The ARTISAN-SNM study evaluated the safety and efficacy of the Axonics r-SNM System in 129 patients suffering from Urinary Urgency Incontinence. The article details the 6-month study results including:
- 90% of the treated patients were therapy responders, defined as a ≥50% reduction in urgency incontinence episodes compared to their baseline
- Urgency incontinence episodes across all patients reduced from an average of 5.6 per day at baseline to 1.3 per day at 6 months
- 80% of the therapy responders had ≥75% reduction in their urgency incontinence episodes, and 34% were dry, having experienced a 100% reduction
- Patients experienced a clinically meaningful improvement in quality of life as indicated by a 34-point improvement in their ICIQ-OABqol score
- 93% of treated patients were satisfied with their r-SNM therapy and 98% said their charging experience was acceptable
- There were no serious device-related adverse events
“The Journal of Urology is the official journal of the American Urological Association and is widely read and cited,” said Raymond W. Cohen, CEO of Axonics. “Publication in this peer-reviewed journal means the ARTISAN-SNM results are now available to current SNM implanters and the urology community at large. As we anticipate FDA approval in the United States in the coming months, this publication will be an aid in helping us reach our target clinical audience regarding the performance of the Axonics r-SNM System.”
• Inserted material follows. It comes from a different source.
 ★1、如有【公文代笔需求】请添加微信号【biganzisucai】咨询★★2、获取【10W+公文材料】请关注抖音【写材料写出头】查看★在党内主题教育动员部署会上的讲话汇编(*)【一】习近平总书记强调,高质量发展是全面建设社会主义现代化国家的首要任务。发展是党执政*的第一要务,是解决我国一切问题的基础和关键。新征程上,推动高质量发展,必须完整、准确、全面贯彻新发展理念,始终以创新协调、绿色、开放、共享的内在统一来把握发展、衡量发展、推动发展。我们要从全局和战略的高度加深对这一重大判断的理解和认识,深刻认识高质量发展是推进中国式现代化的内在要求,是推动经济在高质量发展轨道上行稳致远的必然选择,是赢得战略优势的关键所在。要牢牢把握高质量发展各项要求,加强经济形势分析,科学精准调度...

About Overactive Bladder and Sacral Neuromodulation
Overactive bladder (OAB) includes urinary urge incontinence and urinary frequency and affects an estimated 87 million adults in the U.S. and Europe. OAB is caused by a miscommunication between the bladder and the brain and significantly impacts quality of life. SNM therapy is a well-established treatment that has been widely employed to reduce symptoms and restore bladder function and is also employed to treat urinary retention and fecal incontinence. Reimbursement for SNM is well established in the United States and is a covered service in Europe, Canada and Australia.
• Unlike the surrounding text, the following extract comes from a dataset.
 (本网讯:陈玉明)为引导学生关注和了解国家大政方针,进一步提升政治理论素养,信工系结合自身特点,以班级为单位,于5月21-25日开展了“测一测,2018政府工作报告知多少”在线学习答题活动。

About Axonics Modulation Technologies, Inc.
Axonics, based in Irvine, CA, is focused on the development and commercialization of a novel implantable SNM system for patients with urinary and bowel dysfunction. The Axonics r-SNM System is the first rechargeable sacral neuromodulation system approved for sale in Europe, Canada and Australia and the first SNM system to gain full-body MRI conditional labeling in Europe. For more information, visit the Company’s website at www.axonicsmodulation.com.
Forward-Looking Statements
Statements made in this press release that relate to future plans, events, prospects or performance are forward-looking statements as defined under the Private Securities Litigation Reform Act of 1995. Words such as “planned,” “expects,” “believes,” “anticipates,” “designed,” and similar words are intended to identify forward-looking statements. While these forward-looking statements are based on the current expectations and beliefs of management, such forward-looking statements are subject to a number of risks, uncertainties, assumptions and other factors that could cause actual results to differ materially from the expectations expressed in this press release, including the risks and uncertainties disclosed in Axonics filings with the Securities and Exchange Commission, all of which are available online at www.sec.gov. Readers are cautioned not to place undue reliance on these forward-looking statements, which speak only as of the date hereof. Except as required by law, Axonics undertakes no obligation to update or revise any forward-looking statements to reflect new information, changed circumstances or unanticipated events.